The parameter \(w_{K}\) controlled the process. Equations (1), (3) and (10) constituted an improved deterministic Chay model. For more information, please refer to Ref. [10].The improved model could simulate the nerve discharge type with random rhythm without noise, which rhythm could not be simulated in the original deterministic Chay model and only observed in the stochastic Chay model before.

Using the above models, the discharge sequences could be simulated, and the ISI time series could be transformed from the spike trains.

Parameter analysis and valuation indicators

Network parameters

The structure and training parameters of the SAE in this paper were shown in Table 1.

Table 1 Network parameter settings of the SAE

Confusion matrix (CM)

CM, also known as error matrix, was a standard form of precision evaluation, which expressed in N rows and N columns [35]. Each column of the CM represented the actual category, and each row represented the prediction category. The value of each column represented the number of data predicted for this class.

Through the CM, the following equation could be obtained:

$${\text{Overall }}\;{\text{Accuracy}} = \frac{{\mathop \sum \nolimits_{i = 1}^{k} N_{ii} }}{{\mathop \sum \nolimits_{i = 1}^{k} \mathop \sum \nolimits_{j = 1}^{k} N_{ij} }}$$

The overall accuracy was the proportion of all correctly judged results in the total observation value of the classification model. Ni j represented the number of discharge sequences of class i predicted to class j. Ni,i represented the number of discharge sequences of class i predicted to class i.


We validated the SAE in this paper on the simulation datasets, which contained four basic types of nerve discharge. The total training time was 17 min and the test time was 15 s. With the same data size, the time consumption of traditional artificial classification method was at least 30 min. The CM on the testing datasets classified by only the automatically extracted features from stacked SAE was shown in Table 2.

Table 2 CM on the testing datasets classified by the features from stacked SAE

The results showed that the overall accuracy was ACC = 68.75%. All the IMD rhythms were predicted correctly, and almost all the RD rhythms were classified incorrectly. Most of them were classified into CD rhythms. Therefore, we considered adding some important statistical features to the network manually and then observed the classification results. As a classical statistical index to measure the overall error of variables, covariance was widely used in neuroscience [36,37,38,39]. In this paper, we merged the covariance (the calculation method was described in Ref. [38]) of discharge data with the features extracted automatically by the stacked SAE and trained them in the Softmax classifier.
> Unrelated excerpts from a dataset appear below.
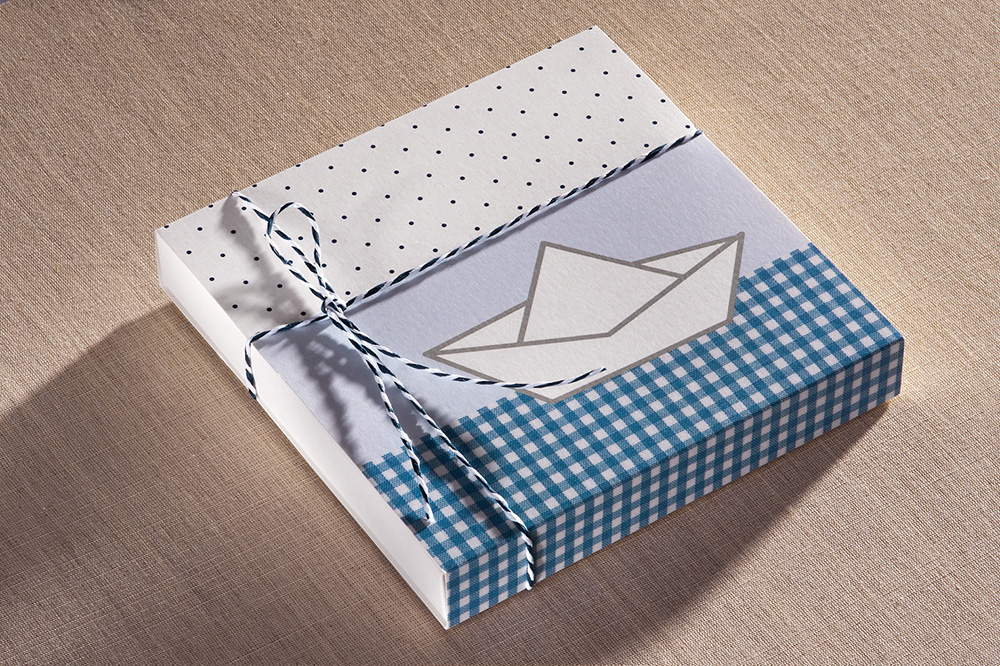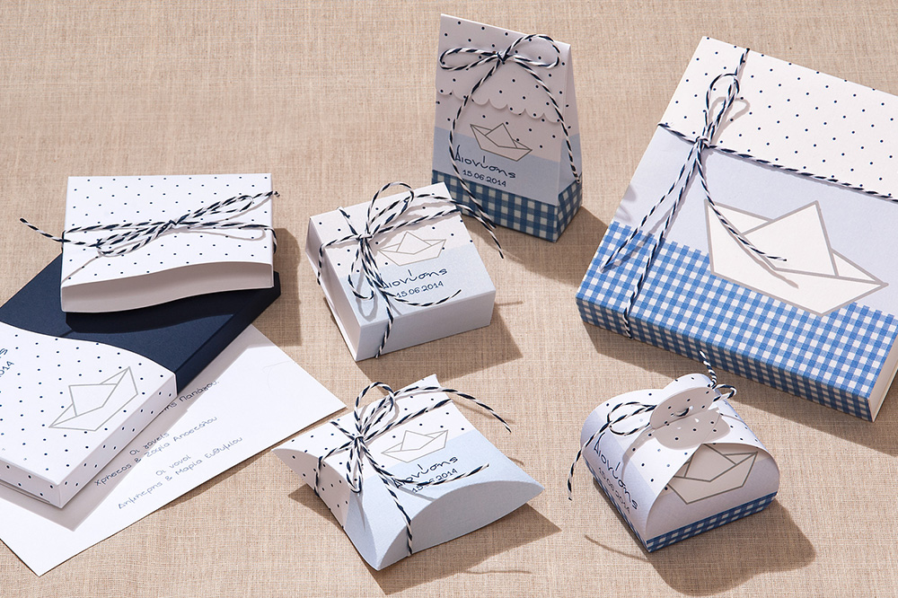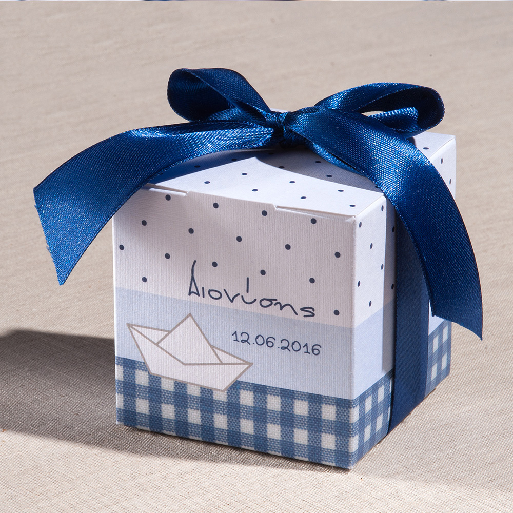 Μπομπονιέρα Βάπτισης Καράβι με Σχέδιο Πουά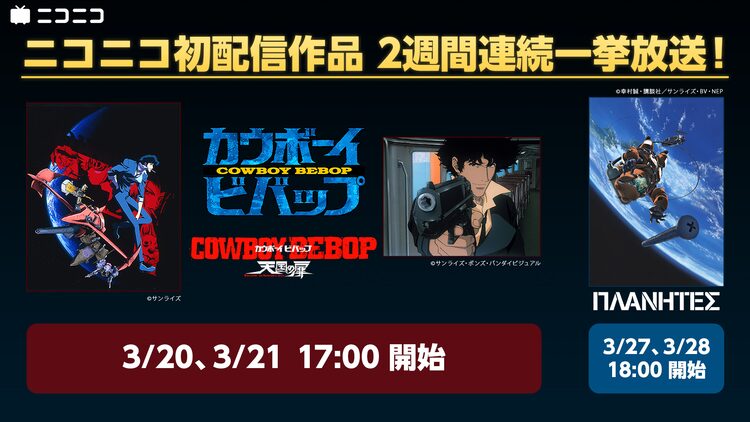 TVアニメ「カウボーイビバップ」、劇場アニメ「カウボーイビバップ 天国の扉」、幸村誠原作によるTVアニメ「プラネテス」が、ニコニコ生放送にて一挙放送される。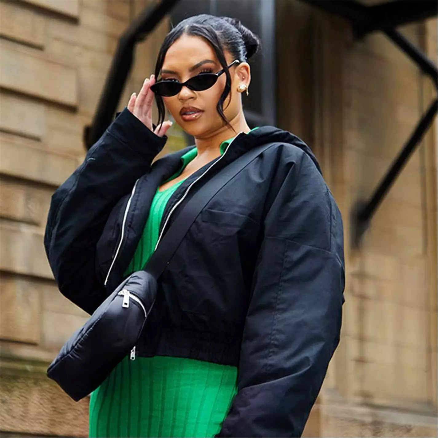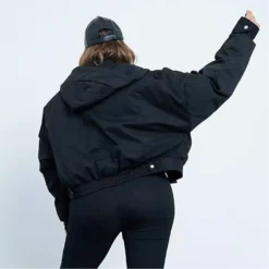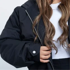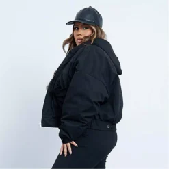 bomber jacket featuring a faux fur collar and hood, with zip up fastening and puff sleeves.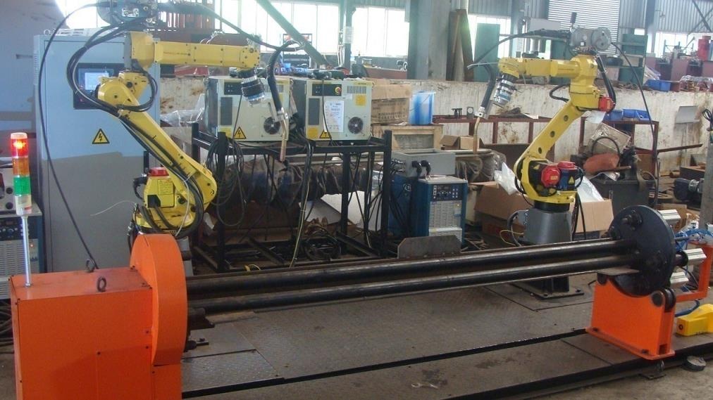 包含長臂焊接機器人、機器人安裝底座、單軸氣動變位機、兩軸伺服變位機、焊接工裝夾具(針對客戶工件進行設(shè)計制造)、機器人控制系統(tǒng)、機器人示教器、焊接電源、機器人專用焊槍、外部控制盒。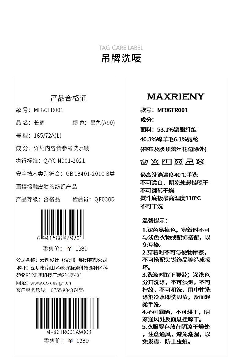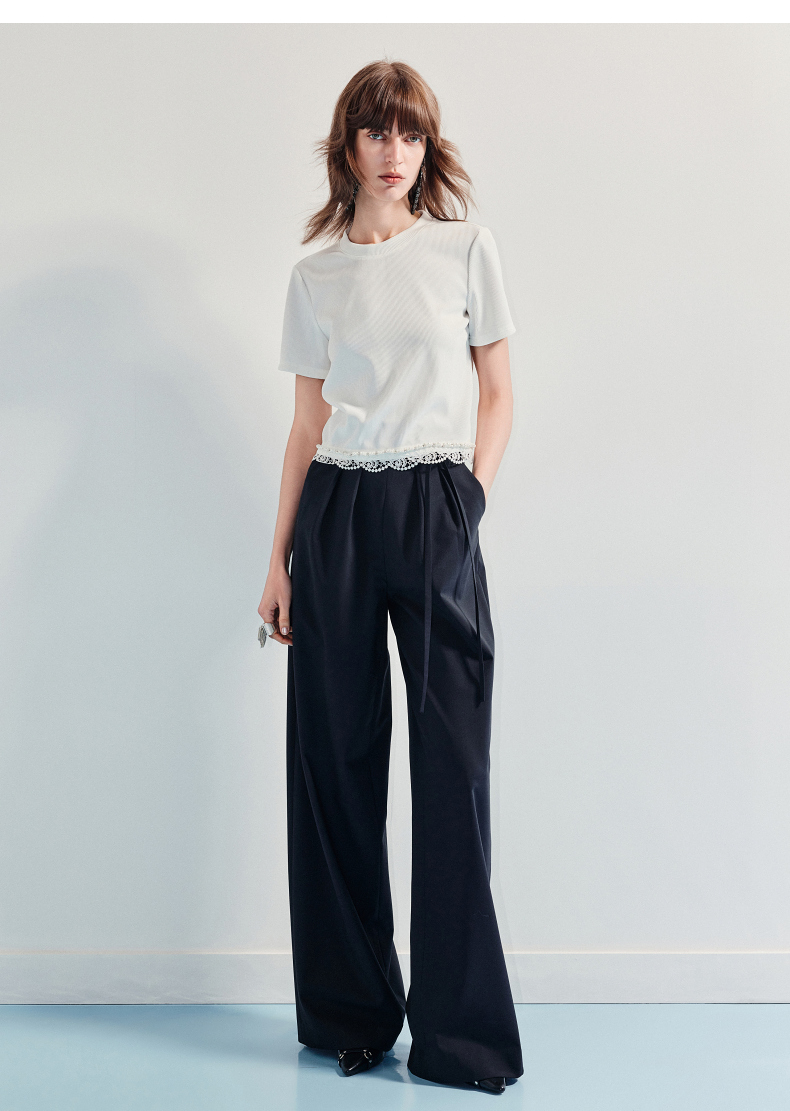 【商场同款】MAXRIENY2025春夏精工打褶休闲阔腿裤(货号:MF86TR001)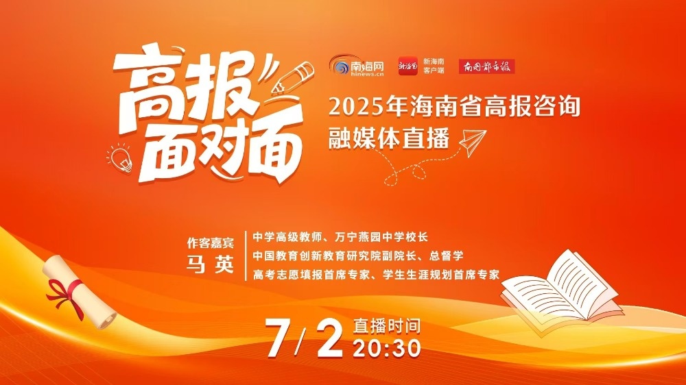 南海网、新海南客户端7月1日消息(记者 杜倬荷 实习生 王茜茜)各位考生家长注意了,您的高考志愿填报“智囊团”即将上线!7月2日(周三)晚8点30分,由新海南客户端、南海网、南国都市报主办的《高报面对面》直播专场即将开启。海南省资深高考报考金牌导师马英将做客直播间,为您“扫清”志愿填报迷雾,量身定制升学方案。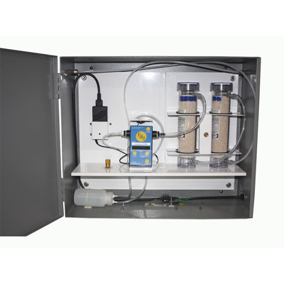 The Model TCS-3000E-BL Tritium Collection System is a tritium collection system consisting of a diaphragm pump, a brushless DC motor, automatic flow control and 2 removable polycarbonate Indicating Silica Gel columns. The flow and volume of air passing through the system is adjusted and measured by a microprocessor controlled Digital Flow Meter (DFM). The DFM utilizes a precision-machined orifice to measure flowrate. The DFM displays on-board calculations on a bright large character LED display. Flowrate and totalized volume are both corrected to a reference T and P. Elapsed time, flowrate and volume are displayed at operator selection.

The testing data were validated and the CM was obtained as shown in Table 3.

Table 3 CM on the testing datasets classified by the features from stacked SAE and covariance

The results showed that after incorporating the covariance of discharge data, the overall accuracy was increased from 68.75 to 76.25%. The accuracy of classification of RD rhythms was improved, while the classification results of other rhythms remained unchanged. However, the improvement to the classification result of RD rhythms with covariance fused was limited. As a complexity measure suitable for short data, approximate entropy was frequently applied to feature description of neural discharge data [4,5,6,7]. So the approximate entropy (ApEn, the calculation method was described in Ref. [7]) of discharge data was also merged with the features extracted automatically by the stacked SAE and then trained them in the Softmax classifier. The testing data were validated and the CM was obtained as shown in Table 4.

Table 4 CM on the testing datasets classified by the features from stacked SAE and ApEn

The results showed that after incorporating the ApEn of the discharge data, the overall accuracy was increased from 68.75 to 72.5%. The introduction of ApEn to the features learned from the stacked SAE further improved the classification of RD rhythms. But simultaneously, the number of CD sequences correctly classified declined. Therefore, we merged the ApEn and covariance of discharge data with the features automatically extracted by the stacked SAE and trained them in the Softmax classifier. The testing data were validated, and the CM was showed in Table 5.

Table 5 CM on the testing datasets classified by the features from stacked SAE, covariance and ApEn

The results showed that the overall accuracy was significantly increased with a value of 87.5%. Especially, by the fine-tuning with these fused features, the Softmax classifier obtained better training and correctly identified more RD sequences. Thus the results suggested that the fusion of the covariance, ApEn with the features extracted automatically by the stacked SAE, could effectively distinguished and identified the different types of nerve discharge rhythms, which was based on the good classification effect.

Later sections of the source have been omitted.